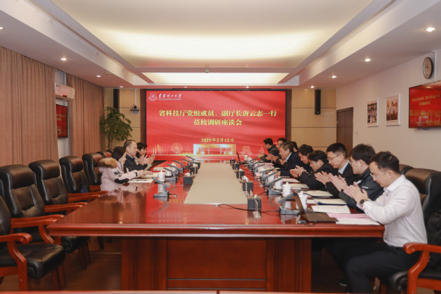 2月12日,省科技厅党组成员、副厅长唐云志一行到东华理工大学调研,学校召开座谈会,校党委副书记、校长罗仙平出席,校党委常委、副校长邓居智主持。
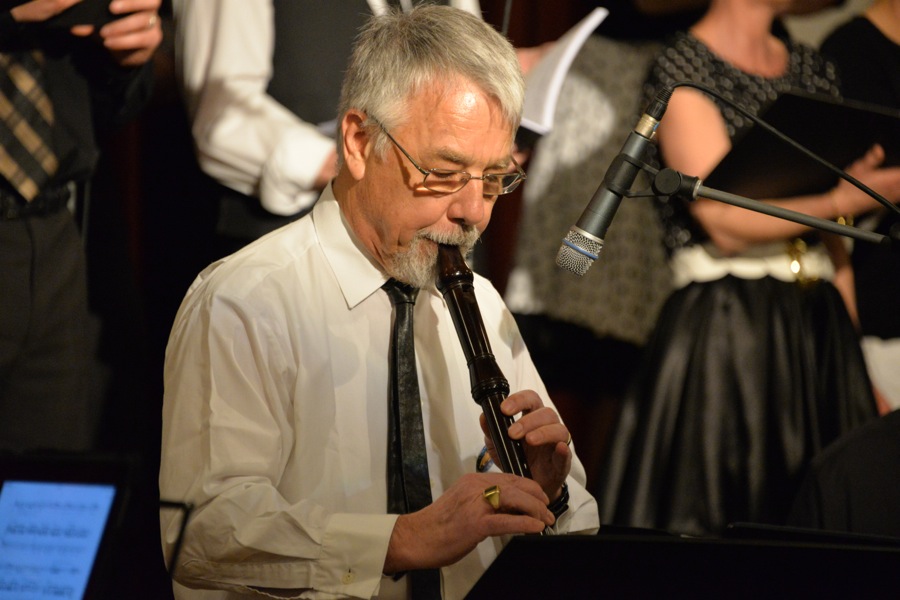 Unsere Chorleitert, Livio Castioni, eröffnet das grosse Konzert mit Mundharmonika zu "Love Me Do"
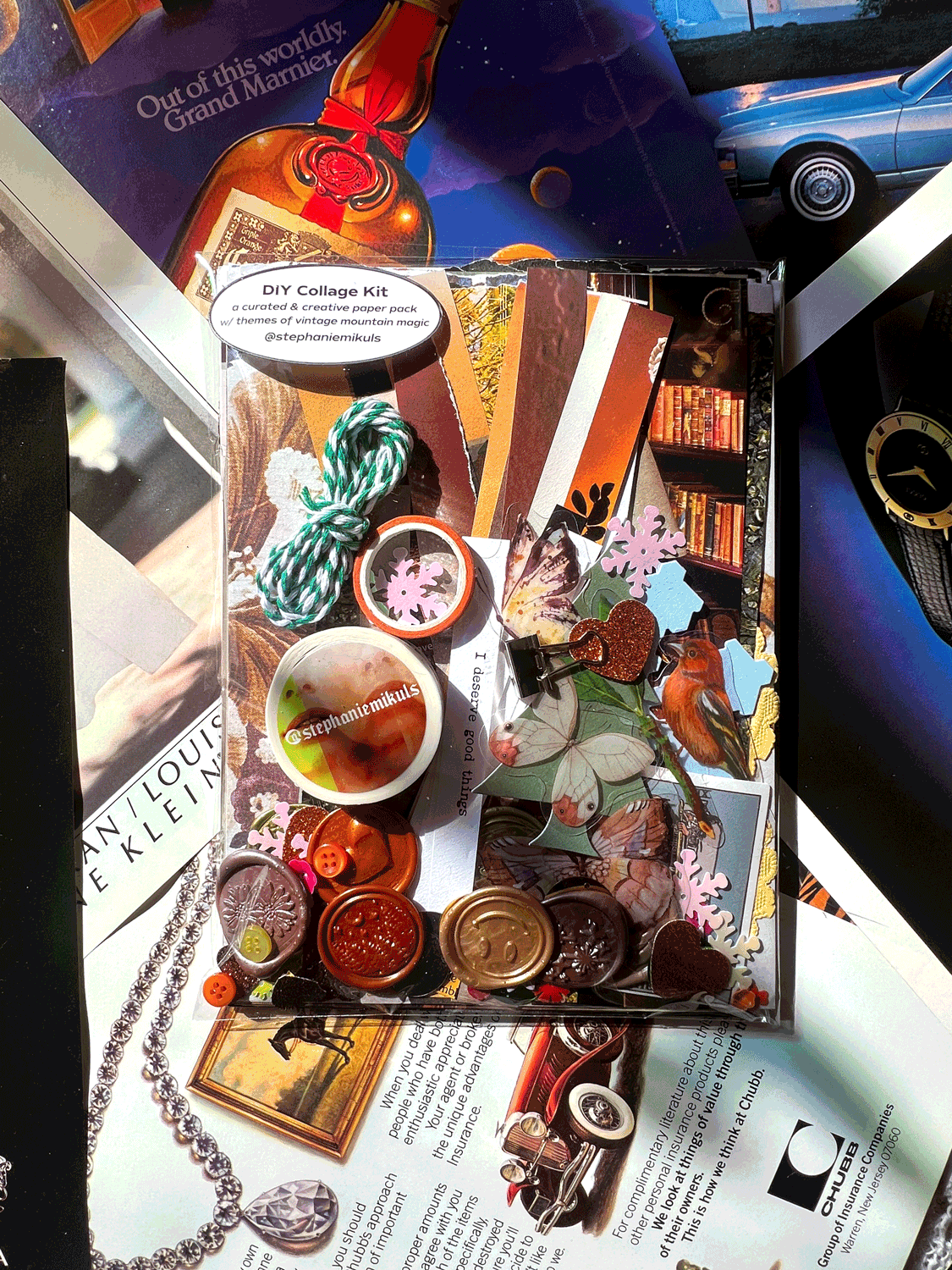 These curated collections of vintage & creative materials transform the act of collaging into a meditative practice. Each kit is one-of-a-kind, and contains 100+ pieces chosen for their ability to inspire self-expression and inner exploration. Everything you need to create meaningful art for junk journals, vision boards, or any creative project.

> [YOUR TASK]:
From the first line to the last, write out the data exactly, dropping any pictures.

> [EXERCISE RESULT]:
 2月12日,省科技厅党组成员、副厅长唐云志一行到东华理工大学调研,学校召开座谈会,校党委副书记、校长罗仙平出席,校党委常委、副校长邓居智主持。
 Unsere Chorleitert, Livio Castioni, eröffnet das grosse Konzert mit Mundharmonika zu "Love Me Do"
 These curated collections of vintage & creative materials transform the act of collaging into a meditative practice. Each kit is one-of-a-kind, and contains 100+ pieces chosen for their ability to inspire self-expression and inner exploration. Everything you need to create meaningful art for junk journals, vision boards, or any creative project.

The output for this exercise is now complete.